Dotato dello stesso processore e della stessa fotocamera principale di iPhone 17, iPhone 17e offre a un prezzo appetibile molte delle caratteristiche dei modelli superiori, a partire naturalmente dalla proverbiale sicurezza e privacy dell’ecosistema Apple. iPhone 17e è infatti molto apprezzato non solo da chi desidera uno smartphone Apple senza tutte le caratteristiche fotografiche dei modelli superiori, a partire dai Pro, ma anche dalle aziende alla ricerca di dispositivi innanzitutto affidabili e sicuri, oltre che con caratteristiche capaci di supportare ogni genere di applicazione. Con uno spessore di 7,8 millimetri e un peso di 170 grammi, a metà strada tra iPhone 17 e iPhone Air, iPhone 17e ha un telaio in alluminio, certificazione IP 68 per l’immersione in acqua e la resistenza alla polvere e lo stesso resistentissimo vetro Ceramic Shield 2 a protezione del display da 6,1 pollici di diagonale.

Nel corso della prova, iPhone 17e ha mostrato un’ergonomia ottima, con un equilibrio tra dimensioni e portabilità solo di poco inferiore a quello dell’iPhone Air, capace di farlo scivolare senza fatica nel taschino della giacca e anche nella tasca dei jeans anche grazie alla sporgenza ridotta dell’unico obiettivo. Apple ha inoltre mantenuto altre caratteristiche apprezzate dei modelli superiori, a partire dal sistema di ricarica wireless MagSafe basato su un magnete che allinea non solo il caricatore per aumentare l’efficienza, ma consente anche di utilizzare accessori che spaziano dai porta-carte di credito agganciati in modo facile e sicuro sul retro del telefonino ai molti supporti per agganciare iPhone. Presente anche la funzione di connessione satellitare d’emergenza, che consente di inviare messaggi con la posizione anche in aree non coperte dalle reti di telefonia mobile, come il mare aperto o l’alta montagna, così come il pulsante Azione programmabile, che può essere impostato per silenziare le notifiche, attivare la torcia, registrare un memo vocale o una delle altre azioni impostabili a proprio piacimento. iPhone 17e consente naturalmente di godere di tutte le funzioni del sistema operativo iOS e dell’intero ecosistema Apple, come Salute in abbinamento a un Apple Watch per monitorare lo stato di salute sfruttando anche gli AirPods per la protezione dell’udito, e lavora in stretta sinergia con tutti i Mac, a partire dal MacBook Neo che sta riscuotendo un enorme interesse non solo tra i consumatori ma anche tra professionisti e piccole e medie imprese.

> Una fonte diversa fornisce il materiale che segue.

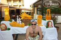 Были в отеле с 29 июля по 7 августа. Долго думали в какой отель поехать, я наверное месяц потратила на поиски и перечитывание отзывов, но какой бы ни был отель, сколько бы звезд там не было, все равно отзывы есть как хорошие так и плохие. Не знаю почему, но увидев и прочитав отзывы по этому отелю, мы решили что поедим именно в него, тем более что цена в 38000 на двоих за 10 дней, просто радовала. В аэропорту без задержек прошли регистрацию, и улетели в Турцию. Она встретила нас ласковым солнцем. Все было очень организовано, нас встретил Одеон, быстро все собрались в автобусе, и тронулись к отелю, наш отель был первый. Приехали мы около 11 часов, и так как заселение было после 14 часов, нам пришлось немного подождать около бассейна в баре, причем нам одели браслеты, и сказали что мы можем принять душ, обедать, переодеться и купаться, пока нас не заселят. Заселили ну где то в 14-20. Номера не большие, но очень уютные, вода горячая была всегда, кондиционер работал без перебоев ( очень нас спасал ), номер убирали каждый день, мы правда пару раз даже отказывались от уборки, мебель хорошая, вода из кранов не текла, в номере тараканов и всяких жучков не видели, есть балкон, окна выходили на заднюю часть отеля, и в окно смотрели мандаринки с дерева ) номер кстати был 211. На территории отеля есть бассейн, вода чистая, хлоркой не пахло, есть горка, но мы на ней не катались). Вечером решили прогуляться до моря пешком мин. 10 пеш., и не знали где наш пляж, поэтому прошли на ближайший, прошли спокойно, никто не остановил и не отругал что мы не на своем пляже. Море о нем много можно говорить, оно настолько чистое, просто кристально чистое, а какое оно теплое, ласковое, такое невероятно удивительное, волшебное...На следующий день наш гид Александра предложила приобрести экскурсии, мы решили не испытывать судьбу и приобрели экскурсии у нее, т.е компании Корал. Взяли 4, сначала поехали на ночную пенную дискотеку на яхте ( кажется 60 $ ) на человека, нам очень понравилось, можно было кстати купаться в открытом море, ночью, через 2 дня поехали на СВ.Николая,тоже около 60-65 $ с человека экскурсия вообще супперская, и на яхте покатались и в Храм сходили и на развалинный город посмотрели, следующая была на квадрациклах, 60$ с человека кто сидит за рулем и 40 $ тот кто сзади, первый раз катались и нам очень понравилось, правда я немного боялась) и последняя была в аквапарк кажется 65 $ c человека, в целом там не плохо, но я бы наверное не поехала бы если бы знала что горки там не очень интересные, очень однообразные. На одну из экскурсий нам сделали скиду 50 %. Забирали с отелей нас очень организовано, автобусы с кондиционерами, водители аккуратны, за что им особое спасибо. Кстати кто поедет на экскурсии, то не советую по дороге в магазинах покупать вина и сладости, так как в городе цена в 2 раза дешевле. так вино нам предлагали за 26 $ за бутылку а в городе в любом магазине оно стоит 10$, так и сладости по дороге они стоит 24 $ а в городе 10 $ причем они свежие. По поводу еды, очень было все вкусно, и даже супчики, и борщ был и солянка, и окрошка, салатики разные, вечерами рыбка на углях, шаурма, мы просто объедались. Посуда всегда чистая, персонал очень дружелюбный, всегда скажут Приятного аппетита. В отеле были Голландцы, поляки, русские, беларусы, украинцы,голландцы, вообще такие зажигалочки, все время веселые, жизнерадостные. Ан

Il processore A19, lo stesso di iPhone 17, ha garantito prestazioni inferiori solo al chip A19 Pro presente sugli iPhone Pro, ed elevatissime in generale, capaci di supportare ogni genere di applicazione, da quelle basate su AI come Apple Intelligence ai videogiochi. Il processore di Apple è uno dei pochissimi a consentire di utilizzare titoli come Genshin Impact, forte di 37 GB di dati, con qualità grafica Alta a un frame rate elevato senza alcun rallentamento e senza generare calore eccesivo anche in caso di uso prolungato. Oltre a essere ai vertici del settore per le prestazioni, come dimostra la possibilità di supportare MacOS nel MacBook Neo, il chip A19 ha mostrato consumi energetici ragionevoli, di poco inferiori a quelli dell’iPhone 17 Pro, con un’autonomia più che sufficiente per arrivare a sera con un ragionevole margine di sicurezza anche in caso di uso intenso del telefonino. Nel corso della prova, iPhone 17e e arrivato a fine sera, dopo 15 ore di utilizzo, con un margine del 15-20%, per ricaricarsi in poco più di mezz’ora tramite il classico caricatore con cavo Usb-C.
Il display Super Retina XDR da 6,1 pollici di diagonale ha mostrato un’eccellente fedeltà cromatica, con colori sempre realistici e vivi senza però cadere in iper-saturazioni irrealistiche come alcuni brand a partire da Samsung, e una luminosità di picco di 1.200 candele per metro quadrato. Assente invece non solo la possibilità di variare istantaneamente frequenza di aggiornamento e luminosità e soprattutto la funzionalità always-on presente nei modelli superiori e sempre utile per tenere d’occhio le notifiche senza dover accendere il display.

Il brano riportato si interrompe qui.